== INPUT RECORDS

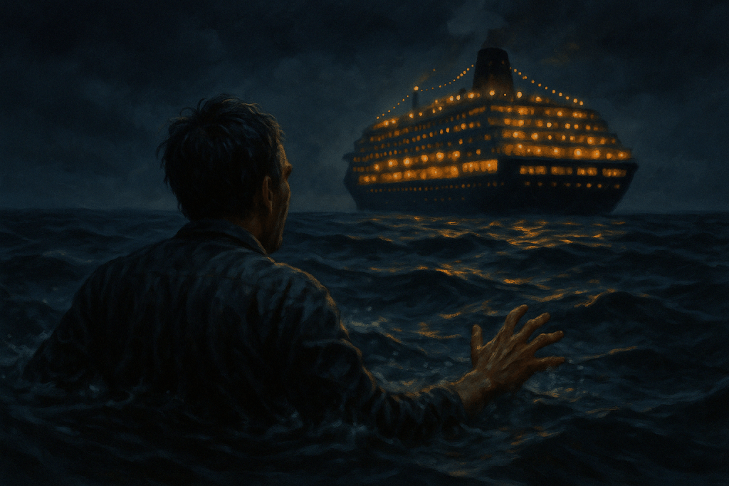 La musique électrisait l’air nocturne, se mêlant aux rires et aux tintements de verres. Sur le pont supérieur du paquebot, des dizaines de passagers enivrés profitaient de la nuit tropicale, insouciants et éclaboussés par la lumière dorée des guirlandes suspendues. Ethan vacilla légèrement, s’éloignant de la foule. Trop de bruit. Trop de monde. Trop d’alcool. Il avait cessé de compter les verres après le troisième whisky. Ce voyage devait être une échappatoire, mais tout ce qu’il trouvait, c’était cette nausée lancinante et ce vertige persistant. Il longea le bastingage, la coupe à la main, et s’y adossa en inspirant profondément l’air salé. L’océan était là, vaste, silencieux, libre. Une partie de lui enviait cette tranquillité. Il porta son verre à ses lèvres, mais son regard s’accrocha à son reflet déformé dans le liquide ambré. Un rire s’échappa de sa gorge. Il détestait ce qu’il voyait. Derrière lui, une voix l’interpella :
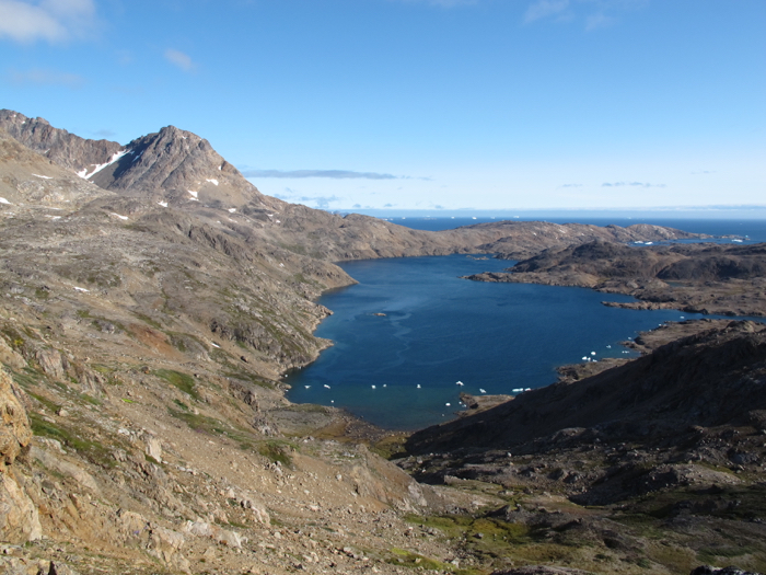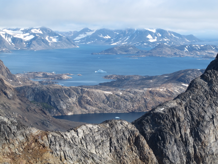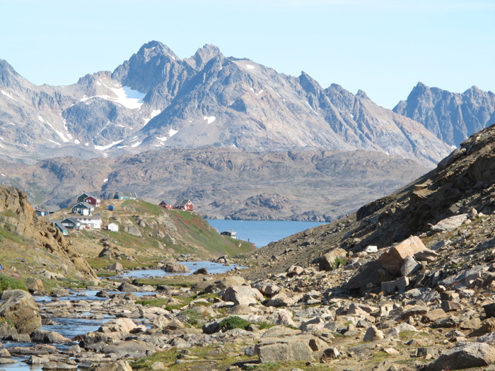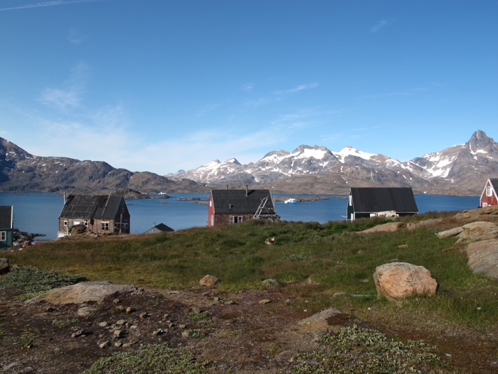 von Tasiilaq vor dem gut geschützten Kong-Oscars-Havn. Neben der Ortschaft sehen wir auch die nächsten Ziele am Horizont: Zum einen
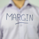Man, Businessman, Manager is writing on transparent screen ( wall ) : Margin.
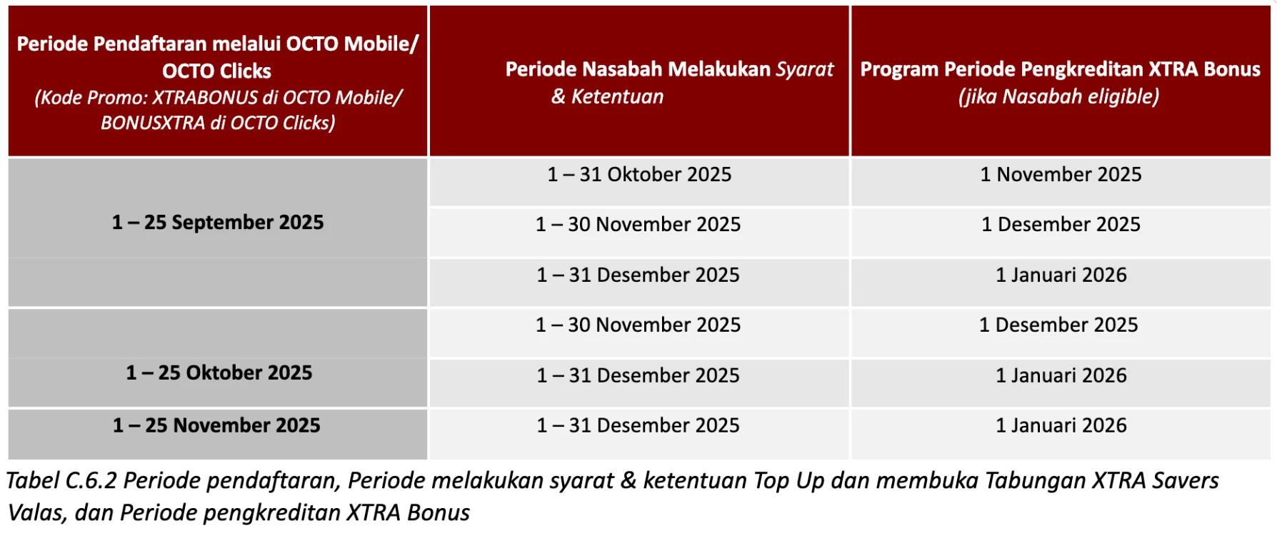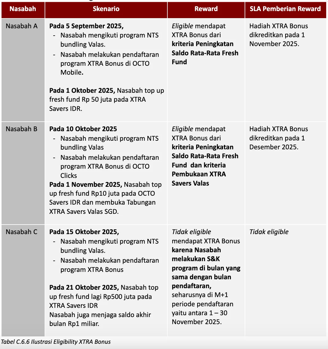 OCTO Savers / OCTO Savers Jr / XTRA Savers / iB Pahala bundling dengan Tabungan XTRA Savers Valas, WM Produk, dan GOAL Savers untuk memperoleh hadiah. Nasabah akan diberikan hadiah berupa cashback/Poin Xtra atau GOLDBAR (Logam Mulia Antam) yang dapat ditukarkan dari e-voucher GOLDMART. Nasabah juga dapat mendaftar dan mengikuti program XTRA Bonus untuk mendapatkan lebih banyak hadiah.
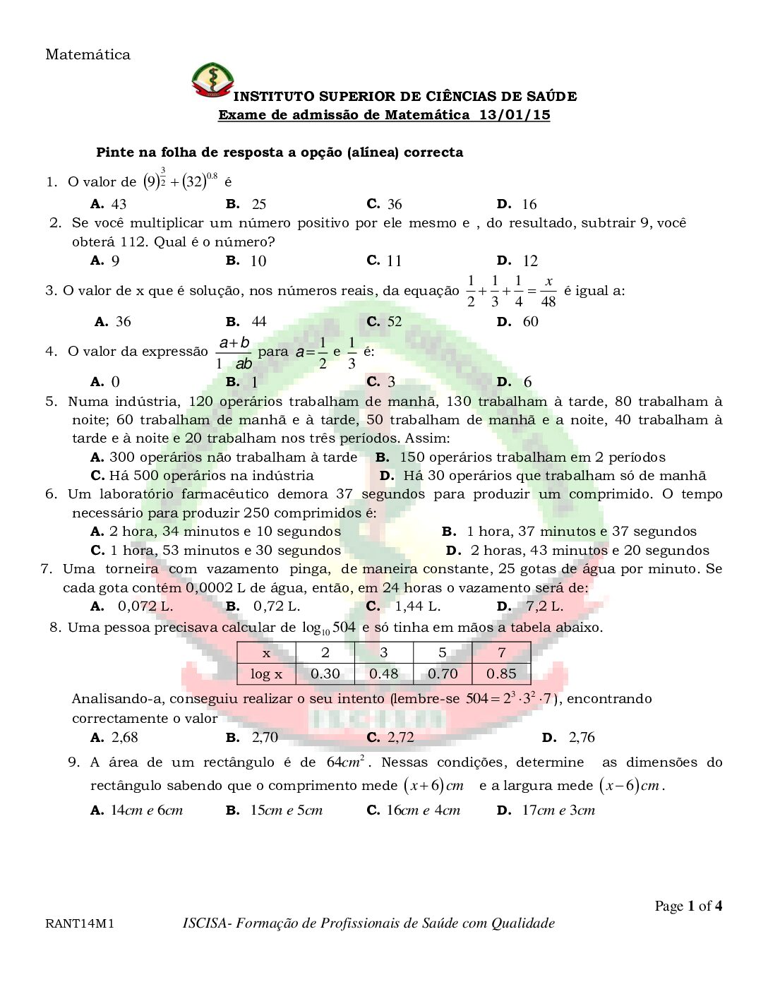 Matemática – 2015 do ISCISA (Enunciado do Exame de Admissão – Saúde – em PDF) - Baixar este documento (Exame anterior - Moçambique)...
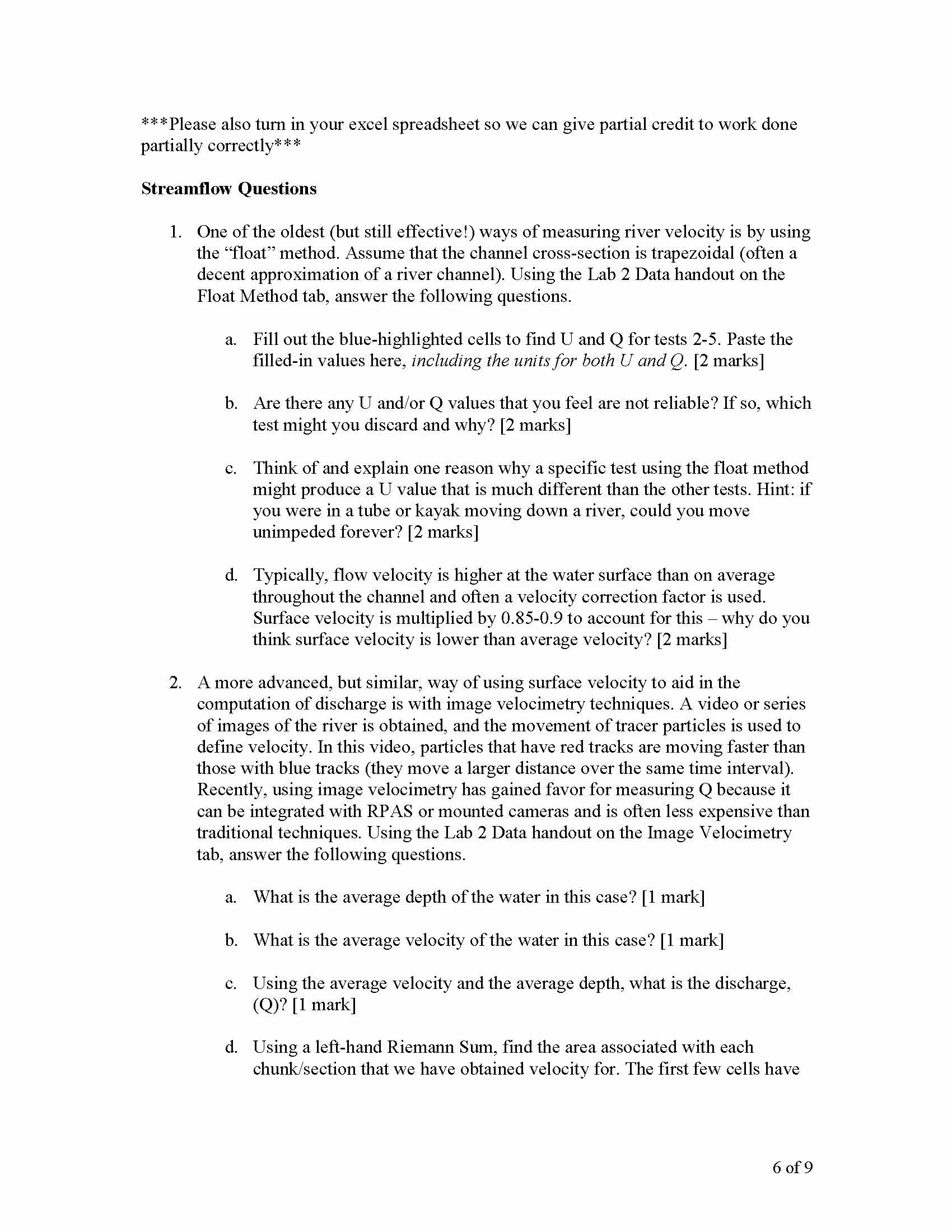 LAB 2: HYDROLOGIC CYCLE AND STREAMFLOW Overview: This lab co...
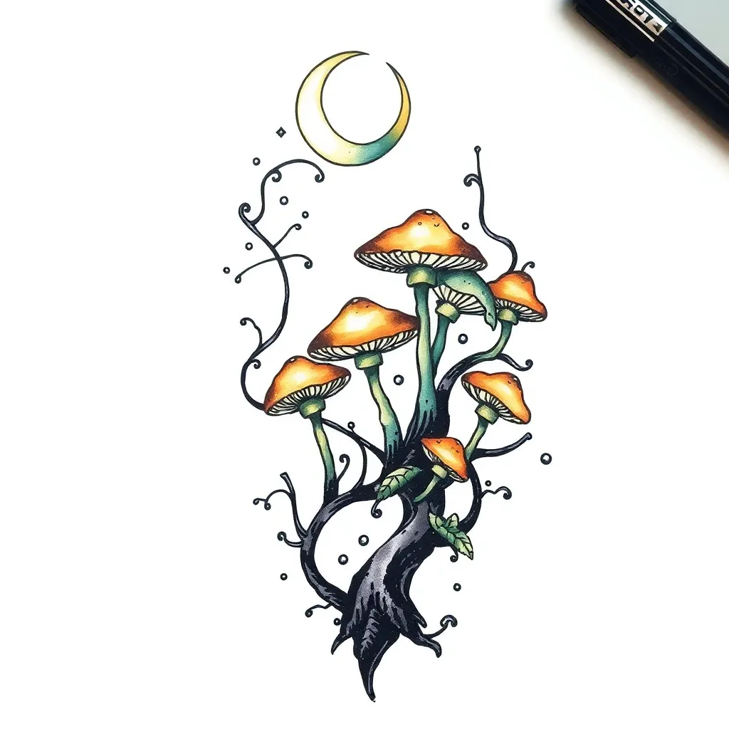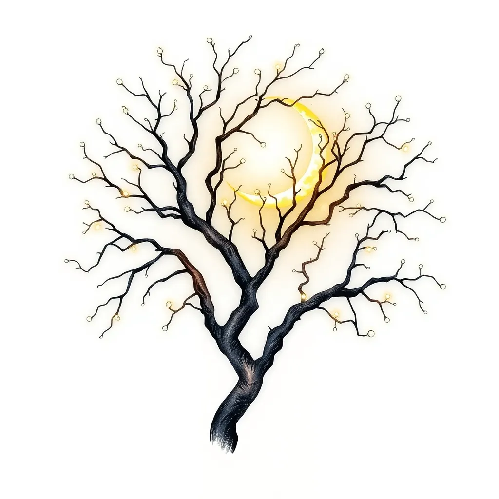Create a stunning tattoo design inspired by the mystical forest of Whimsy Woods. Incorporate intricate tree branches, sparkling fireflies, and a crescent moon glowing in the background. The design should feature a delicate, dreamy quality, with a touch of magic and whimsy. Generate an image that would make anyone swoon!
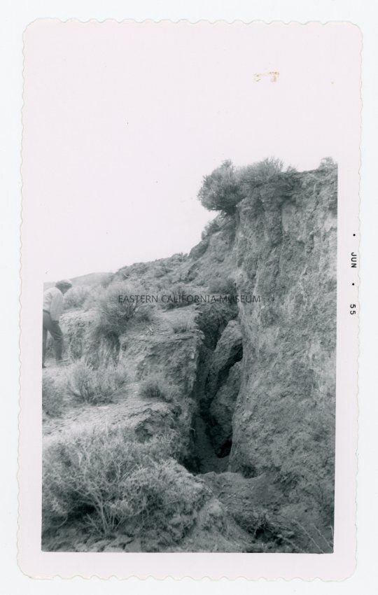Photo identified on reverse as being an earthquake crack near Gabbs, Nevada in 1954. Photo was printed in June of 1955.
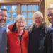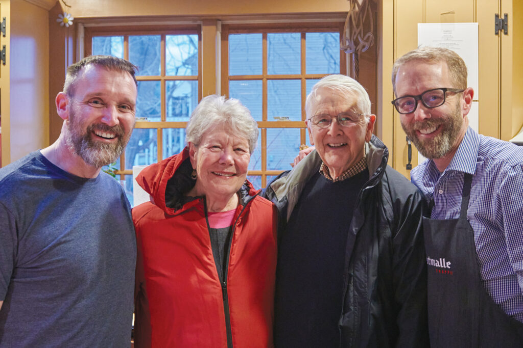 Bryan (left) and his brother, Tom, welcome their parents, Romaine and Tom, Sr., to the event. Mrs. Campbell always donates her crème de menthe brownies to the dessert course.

====

> **ACTION ITEM**
Copy the lines above exactly, starting with the line that contains "Matemática – 2015" and ending with the line that contains "LAB 2: HYDROLOGIC", and leave out any pictures.

> **RESPONSE**
 Matemática – 2015 do ISCISA (Enunciado do Exame de Admissão – Saúde – em PDF) - Baixar este documento (Exame anterior - Moçambique)...
 LAB 2: HYDROLOGIC CYCLE AND STREAMFLOW Overview: This lab co...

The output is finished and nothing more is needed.